→ Work to complete
Search the records below for the word "this", then return every line where it appears.
Records to process below:
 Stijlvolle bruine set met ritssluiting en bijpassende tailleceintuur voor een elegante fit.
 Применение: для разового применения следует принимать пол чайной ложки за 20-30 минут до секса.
End of Records to process.
Records to process below:
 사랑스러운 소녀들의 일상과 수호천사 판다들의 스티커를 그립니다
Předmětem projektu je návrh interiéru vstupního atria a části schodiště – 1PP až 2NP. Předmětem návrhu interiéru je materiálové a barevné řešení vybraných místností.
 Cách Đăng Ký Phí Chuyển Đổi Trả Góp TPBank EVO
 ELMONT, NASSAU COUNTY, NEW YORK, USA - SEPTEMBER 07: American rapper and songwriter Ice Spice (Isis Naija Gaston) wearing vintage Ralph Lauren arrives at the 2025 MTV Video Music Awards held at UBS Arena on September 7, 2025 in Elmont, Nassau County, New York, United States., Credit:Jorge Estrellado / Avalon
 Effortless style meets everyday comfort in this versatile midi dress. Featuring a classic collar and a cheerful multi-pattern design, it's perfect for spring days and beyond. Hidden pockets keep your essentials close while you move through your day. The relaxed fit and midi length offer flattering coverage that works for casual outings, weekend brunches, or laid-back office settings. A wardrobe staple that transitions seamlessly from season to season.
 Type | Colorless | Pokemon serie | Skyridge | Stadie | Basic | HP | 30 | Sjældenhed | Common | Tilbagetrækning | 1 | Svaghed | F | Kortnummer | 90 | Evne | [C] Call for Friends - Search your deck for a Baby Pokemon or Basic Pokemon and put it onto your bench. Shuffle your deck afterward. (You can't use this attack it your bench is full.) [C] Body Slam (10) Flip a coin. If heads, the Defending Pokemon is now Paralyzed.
End of Records to process.
→ Exercise response
 Effortless style meets everyday comfort in this versatile midi dress. Featuring a classic collar and a cheerful multi-pattern design, it's perfect for spring days and beyond. Hidden pockets keep your essentials close while you move through your day. The relaxed fit and midi length offer flattering coverage that works for casual outings, weekend brunches, or laid-back office settings. A wardrobe staple that transitions seamlessly from season to season.
 Type | Colorless | Pokemon serie | Skyridge | Stadie | Basic | HP | 30 | Sjældenhed | Common | Tilbagetrækning | 1 | Svaghed | F | Kortnummer | 90 | Evne | [C] Call for Friends - Search your deck for a Baby Pokemon or Basic Pokemon and put it onto your bench. Shuffle your deck afterward. (You can't use this attack it your bench is full.) [C] Body Slam (10) Flip a coin. If heads, the Defending Pokemon is now Paralyzed.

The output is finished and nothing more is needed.